:: Exercise instructions ::
Extract the lines of the material below, beginning with the first and ending with the line that holds "交易策略: 在 48500.00". Skip every picture.

:: Records shown ::
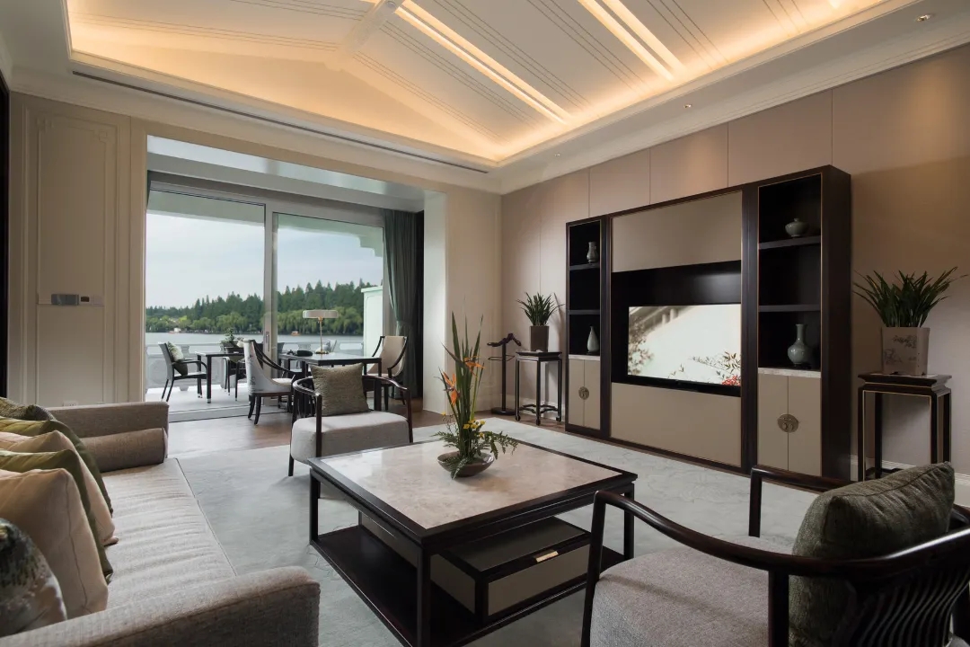 我们酒店位于杭州“西湖十景”之一的“雷峰夕照”山麓,东面临湖,南与著名古刹净慈为邻,与“苏堤”、“三潭印月”、“柳浪闻莺”等著名风景隔湖相望,还可远眺南北高峰、保俶塔等,湖光山色尽收眼底。一开窗就可以看见西湖,地理位置极佳。酒店拥有多间豪华客房,落地窗可俯瞰西湖一览美景,人景合一。客房装修充分融汇了西方美学的优美和华夏文化的典雅。所有房间均配备戴森吹风机、JBL音响、胶囊咖啡机、定制手工毯等高端设施,宽敞的浴缸和热带雨林式沐浴设施,舒适的工作空间,以及高速网络、健身房、自助洗衣房等,让入住酒店的宾客尽情享受一场奢华、高效、轻松的生活体验。“忆江南,最忆西湖;赏湖景,独在西湖。”饭店以细致入微和个性化的贴心服务,让您感受温馨的友好之情,享受舒适的商旅生活。
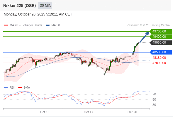 交易策略: 在 48500.00 之上,看涨,目标价位为 49400.00 ,然后为 49700.00 。
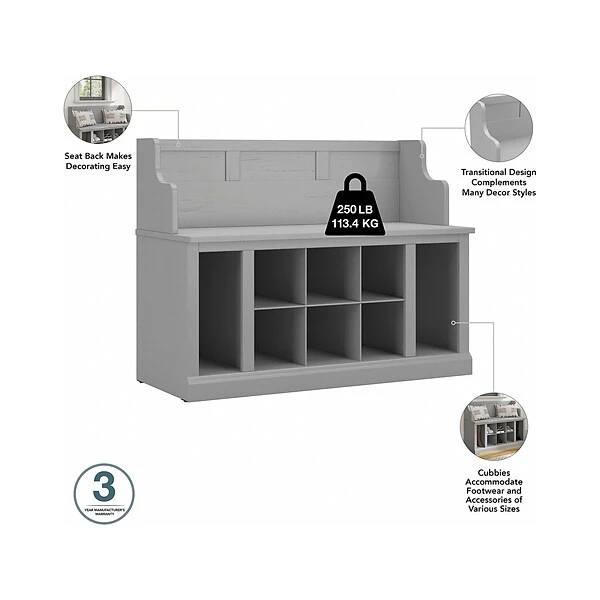 The kathy ireland Home by Bush Furniture Woodland entryway bench with shelves keeps footwear neat and organized for a clutter-free mudroom or foyer. The kathy ireland Home by Bush Furniture Woodland entryway bench with shelves combines transitional styling and a practical design to offer a perfect shoe storage solution. Have a seat on the shoe bench surface, and take a moment to relax as you get ready to head out the door or come home after a long day. The top of the mudroom bench supports up to 250 lbs., so you can sit down to put on and take off your shoes or set shopping bags down after a trip to the store. Open storage that includes six cubby spaces and vertical shelves on either side keeps footwear in order. This entryway organizer’s transitional design blends elements of contemporary and traditional styling to complement a wide range of home furnishings. This storage bench with back has been tested to meet Bush Furniture’s standards for safety, performance, and durability, and is backed by a 3-year warranty.
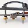 The asymmetric fence grip is sculpted to comfortably fit the natural curvatures of the hand. Double guide rods and a special collet locking system prevent the fence from racking. Large brass knobs make adjustments fast and easy without need for tools; the fence can be offset from flush to 1½'' from the blade.
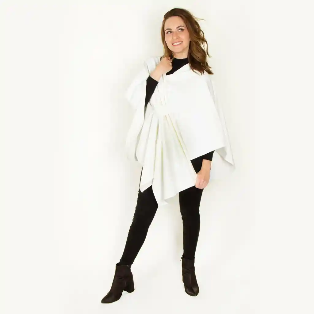 “Nuestra capa Mapa es mi referencia más vendida. Muchas de ustedes la adoran porque es súper versátil y talla única entonces se la compran para ustedes pero también es un regalo muy especial! Con el pasador puedes insertar todo un costado y ajustarla. Puedes dejarla tan larga o corta como quieras y también crear looks asimétricos y dejar el pasador en la mitad y pasar un costado sobre el hombro opuesto para que quede más elegante y cortica. No te preocupes que viene con un instructivo para que le saques el mayor provecho posible, para viajar es espectacular porque queda súper compacta hasta en tu cartera y no necesitas más que esta porque durante 6 días te la puedes poner de las 6 formas y no te vas a ver igual. Es más liviana que la capa Olivia pero también abriga menos.

:: Task answer ::
 我们酒店位于杭州“西湖十景”之一的“雷峰夕照”山麓,东面临湖,南与著名古刹净慈为邻,与“苏堤”、“三潭印月”、“柳浪闻莺”等著名风景隔湖相望,还可远眺南北高峰、保俶塔等,湖光山色尽收眼底。一开窗就可以看见西湖,地理位置极佳。酒店拥有多间豪华客房,落地窗可俯瞰西湖一览美景,人景合一。客房装修充分融汇了西方美学的优美和华夏文化的典雅。所有房间均配备戴森吹风机、JBL音响、胶囊咖啡机、定制手工毯等高端设施,宽敞的浴缸和热带雨林式沐浴设施,舒适的工作空间,以及高速网络、健身房、自助洗衣房等,让入住酒店的宾客尽情享受一场奢华、高效、轻松的生活体验。“忆江南,最忆西湖;赏湖景,独在西湖。”饭店以细致入微和个性化的贴心服务,让您感受温馨的友好之情,享受舒适的商旅生活。
 交易策略: 在 48500.00 之上,看涨,目标价位为 49400.00 ,然后为 49700.00 。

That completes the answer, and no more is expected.